Why Do We Squish Bugs?

Cute Little Guy by Edwin Chaine via Creative Commons License v.2.0

Cute Little Guy by Edwin Chaine via Creative Commons License v.2.0

I feel blessed that I don’t have an irrational fear of animals. As a kid, I never learned that snakes are gross, bats are evil, or that bees are dangerous.  Even though I have a scar that runs down the side of my face from a cat that scratched me as a baby, I do not fear them. Actually, I love them and have rescued many over the years.

When I was a tween, I watched a little kid cower and cry when a friendly neighborhood dog approached him. I remember my mom making a comment, that it was sad that kid was afraid of dogs. That he was afraid because his mother was afraid and he learned it.

I think there is some truth to that. My mom did teach me to be responsible and use good judgment when it came to animals. The usual stuff—don’t approach dogs you don’t know, don’t touch sick or dead animals, don’t panic when a bee lands on you.

Beyond that though, I can’t recall ever observing my mom get squeamish at the sight of a snake or rat. We kept rodents as pets and she was the one who showed me that if you threw little pebbles in the air at dusk, you could get the bats to swoop down from the trees and show off their acrobatics.

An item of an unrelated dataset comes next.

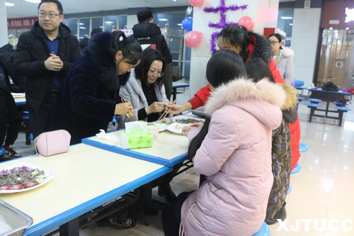 为进一步团结吉利班成员,宣传吉利文化,西交大城市学院机械工程系吉利班于12月27日在中快餐厅一楼举行了“大吉大利,今晚吃饺子”包饺子大赛。 教学服务中心主任陈晓南,机械工程系主任刘吉轩,吉利企业工程师孙登峰,机械工程系首席教授、17级吉利班班主任张克猛,机械工程系办公室主任李华,主任助理樊琛老师、史艳丽,学生主管霍伟森,16级班主任门静,吉利班陈源,机械工程系王苗、刘庚林老师,16、17级辅导员李乐、张俊华老师等特邀参赛,吉利班全体成员参加比赛。本次比赛由段慧菲、杨朕同学主持。

I’m fairly sure though, that we squished our fair share of spiders. My husband was the one who broke me of the habit; the one who suggested it was more cruel than mindless. Years ago when I discovered one crawling along our bedroom wall, I called my husband in to kill it. He refused. He told me to do it, but I didn’t want to. He asked me if my hesitation was based on fear or guilt. I didn’t answer him and instead chose to get angry and accused him of being ridiculous. In actuality, it was a little of both.

I don’t kill spiders anymore. Usually, I just ignore them in the house, unless they’re unusually large, in which case I’ll scoop them up in a cup and release them outside. I never regret the extra effort. Actually, it makes me feel great. Oddly, my husband does kill spiders now, though he didn’t for a while. The spider-in-the-bedroom incident was easily 10 years ago and I don’t think he remembers it. I think he chooses the quick kill because it’s more convenient but I know if he spared the life and released the bug outside, he would also feel great.

My boss will kill just about anything that comes onto his property, snakes, gophers, bugs of all varieties. He’s not cruel, but he doesn’t like them and never learned to be merciful toward them. He laughs when I somewhat playfully lecture him about it. He also laughs when I scoop up the spiders in the office and release them in the garden outside. When his kids were in the office a few months back and saw a bug, they swiftly killed it and proclaimed it a victory. It made me sad.

I learned to love all animals from my mom and my soft heart eventually grew to include compassion for most insects as well. I hope my kid will learn the same from me. Maybe her compassion will also grow to include something more than I have been able to because although fear can be learned, compassion can be too. The best way for our kids to learn it, is for their parents to live it. ∞

Why do you suppose we kill bugs so easily? Is it out of fear, convenience, curiosity? Comments welcome.


One response to “Why Do We Squish Bugs?

  1. Many people kill insects out of fear and ignorance. Insects are wonderful and composed of many little things that make them sweet. They are both simple and complex, small or large, silent or noisy and that’s what makes it fascinating. Fear and ignorance have led to racism and rejection of people and that is exactly the same fear and the same ignorance that makes people feel obliged to kill these little creatures.